Data:
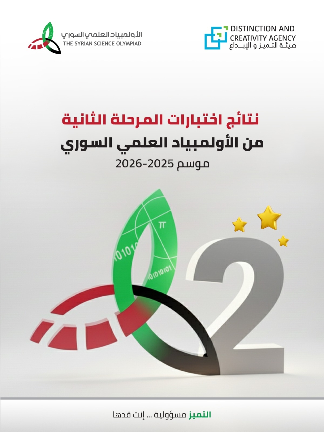 تُعلن هيئة التميز والإبداع عن نتائج المرحلة الثانية من الأولمبياد العلمي السوري لموسم 2026، بعد منافسة علمية قوية عكست روح التحدي والطموح لدى طلابنا المتميزين.
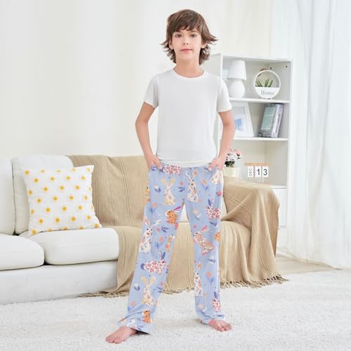Floral Bunny Boys Long Pants silky Trousers Elastic Waist Kids Lounge Bottoms with Pockets S-XL
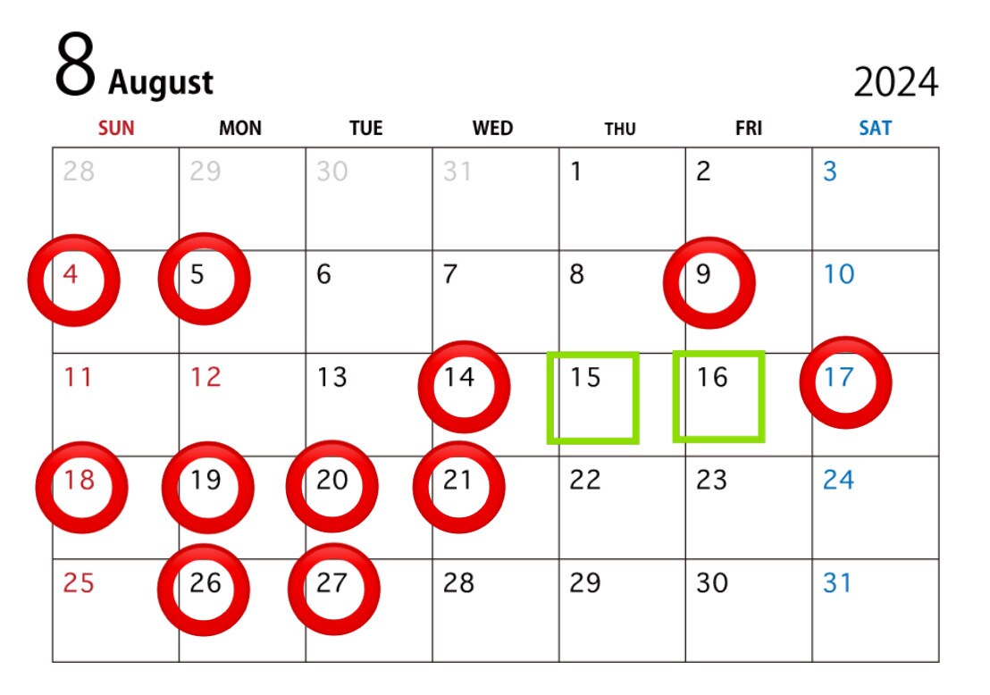 8月のお休みになります!
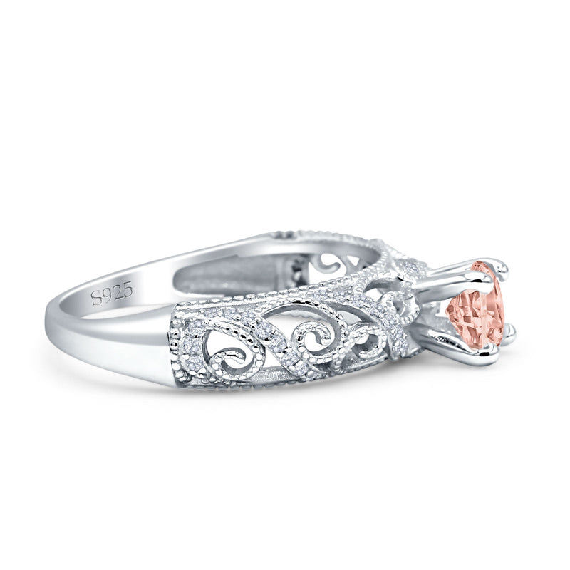 Art Deco Round Morganite CZ Filigree Ring 925 Sterling Silver
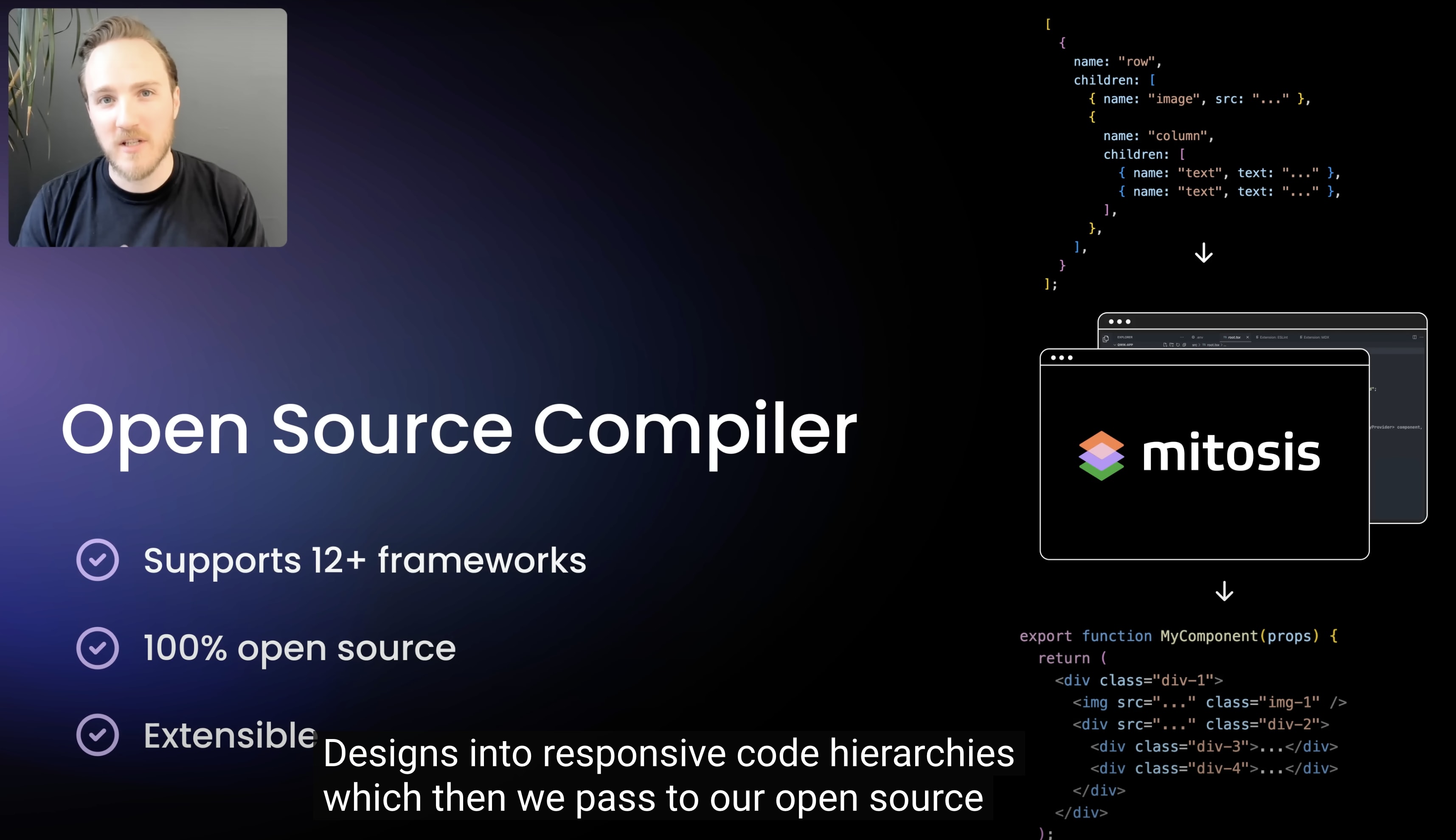 - Mitosis:將上述輸出的階層資料,透過 Mitosis 這套由 Builder.io 所開源的特製編譯器,編譯成各個前端框架的程式碼:

What is expected:
Lines from the one that holds "Art Deco Round" through the final line of the material are to be duplicated exactly; no pictures belong in the copy.

Answer to this problem:
 Art Deco Round Morganite CZ Filigree Ring 925 Sterling Silver
 - Mitosis:將上述輸出的階層資料,透過 Mitosis 這套由 Builder.io 所開源的特製編譯器,編譯成各個前端框架的程式碼:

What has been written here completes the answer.